U87MG cells (2 × 105) were seeded into glass bottom dishes (35 mm × 10 mm) and allowed to grow overnight. The fresh medium containing Mn-ZGGOs ([Mn] = 20 μg/mL) was added. After incubation for 0, 4, 8 and 24 h, respectively, the cells were washed with PBS for three times and stained with Hoechst 33342 (10 μg/mL) for 20 min at 37 °C. After washing with PBS for three times, the cells were stained with [Ru(dpp)3]Cl2 (10 μg/mL) for 20 min at 37 °C. The production of O2 was evaluated using Olympus FV1200 laser confocal scanning microscope after washing by PBS.

In vivo circulation and biodistribution

Balb/c mice bearing U87MG tumors were intravenously injected with Mn-ZGGOs ([Mn] = 1 mg/kg). The tumors and main organs including hearts, livers, spleens, lungs and kidneys, and blood were collected at varied time (1, 2, 4, 8, 12, 24 and 48 h) after injection and were weighed and digested using HNO3-H2O2 mixture. The Mn content in all samples was measured by ICP-MS.

In vivo XEPL imaging

After X-ray irradiation for 1 min, Mn-ZGGOs ([Mn] = 1 mg/kg) was intravenously injected into U87MG tumor-bearing mice. XEPL images were collected using an IVIS in vivo imaging system and the tumors were activated by X-ray for another 1 min before acquiring XEPL imaging at different times (0, 2, 4, 8, 12 and 24 h) post-injection.

In vivo MR imaging

To confirm the activatable MR imaging effect in tumors, Mn-ZGGOs NPs ([Mn] = 1 mg/kg) were intravenously injected into mice bearing U87MG tumors, and then the MR images were obtained at different time points (0, 2, 4 h, 8, 12 and 24 h) using small animal MR imaging system (9.4T).

In vivo tumor inhibition

When the tumor size reached to ~ 60 mm3, the U87MG tumor-bearing mice were randomized into various groups (n = 5) with different treatments: (1) PBS, (2) ZGGO (6.3 mg/kg), (3) Mn-ZGGOs (8.9 mg/kg, [Mn] = 1 mg/kg), (4) 2×Mn-ZGGOs (17.8 mg/kg, [Mn] = 2 mg/kg).

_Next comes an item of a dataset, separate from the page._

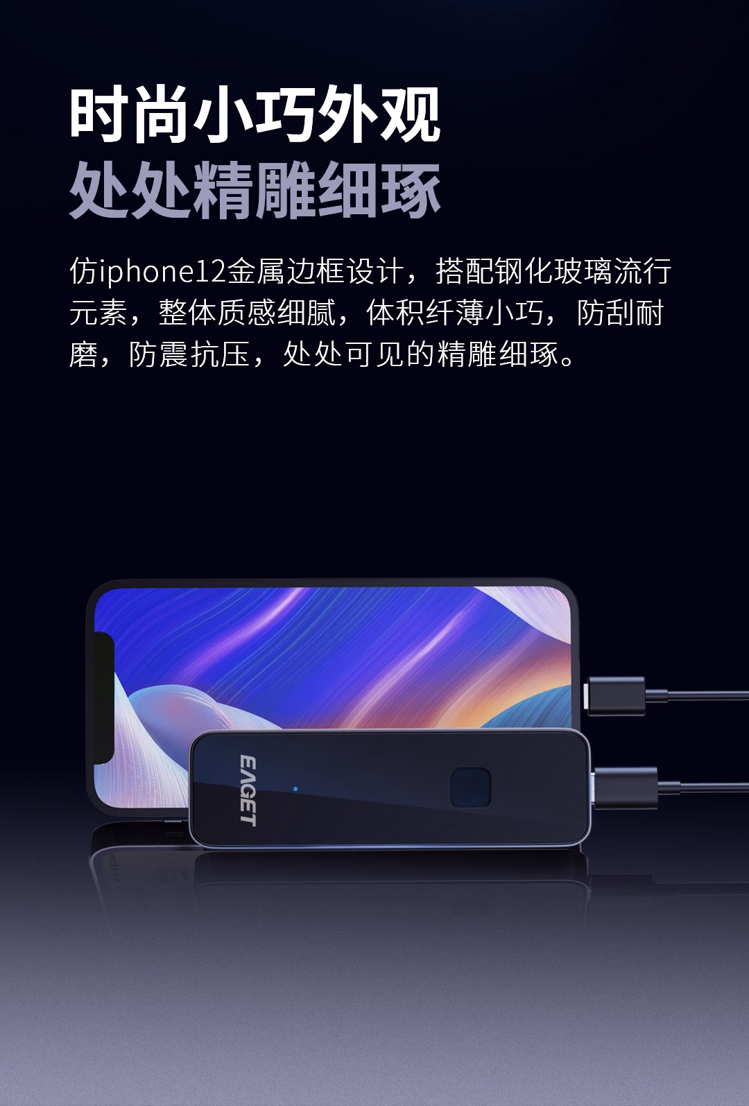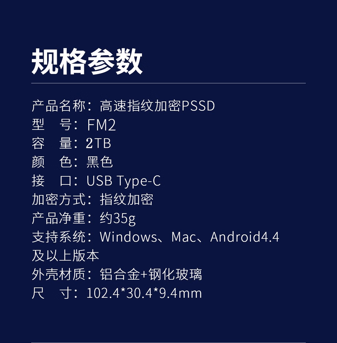 忆捷(EAGET) FM2-2T 102.4*30.4*9.4mm35gType-c USB 3.2 指纹识别 SM4国密算法 移动存储硬盘 (计价单位:个) 黑色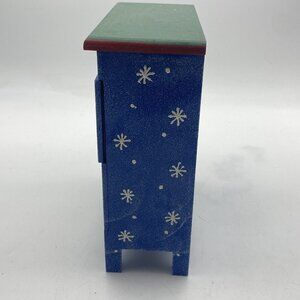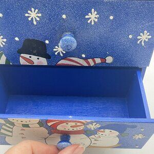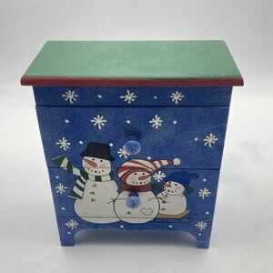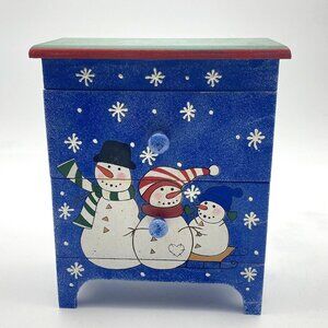 Christmas Winter Snowman Jewelry Box Trinket Storage 2 Drawer Wood Chest Blue

The mice were intravenously injected with different formulations every third day for four times.

Statistical analysis

All data were presented as mean ± standard deviation. Comparison of the data were conducted with a Student's t-test (*: P < 0.05, **: P < 0.01, and ***: P < 0.001).

Results and Discussion

Synthesis and characterization

ZGGO nanoparticles (ZGGOs) were prepared following our previous synthesized route 38. The ZGGOs were then stirred in a mixture of KMnO4 and ethanol to coat MnOx layers on the surface of ZGGOs (Mn-ZGGOs). Transmission electron microscopy (TEM) imaging indicated that uniform layers were successfully formed (Figure 1A). Elemental mapping images revealed that the presence of Zn, Ga, Ge, Cr, Mn and O in Mn-ZGGOs as well as Mn circles confirmed the successful coating (Figure 1B). The MnOx layer had very minor impact on ZGGO emission, which still emitted NIR luminescence at ~ 696 nm under/after X-ray irradiation attributed to the typical 2E → 4A2 transition of Cr3+ (Figures 1C, S1) 39. GSH would also be helpful to break-up the MnOx layers 40. Impressively, these XEPL signals could be repeatedly activated by irradiation of X-ray; they recovered the excellent XEPL with GSH treatment (Figures 1D, S2). In addition, to prove the deep tissue-penetration of X-ray excitation and NIR emission, a 1.0 cm pork was placed between solution (Mn-ZGGOs with GSH, Mn-ZGGOs without GSH) and X-ray source (Figure S3). XEPL imaging was performed at 0, 2, and 5 min after ceasing X-ray irradiation. Strong NIR persistent luminescence signals were observed, indicating XEPL possessed deep tissue-penetration depth.

Figure 1

(A) TEM image of Mn-ZGGOs. (B) Elemental mapping images of Mn-ZGGOs. (C) X-ray excited optical luminescence (XEOL) and X-ray excited persistent luminescence (XEPL) spectra of Mn-ZGGOs. (D) XEPL decay images of the Mn-ZGGOs with GSH or without GSH. (E) XPS of Mn 2p for Mn-ZGGOs. (f) Fluorescence spectra of [Ru(dpp)3]Cl2 of Mn-ZGGOs with or without H2O2. (G) The r1 value of Mn-ZGGOs with or without 1 mM GSH in 9.4 T MR instrument. (H) UV/Vis absorption spectra and photo (inset) of MB after degradation by H2O2 plus GSH-treated Mn-ZGGOs ([HCO3-] = 25 mM, [Mn] = 0.5 mM, [H2O2] = 10 mM). (I) Fluorescence spectra of SOSG (5 μM) incubated with Mn-ZGGOs for 20 min in H2O or different PBS buffer (pH = 7.4, 6.5, 5.6).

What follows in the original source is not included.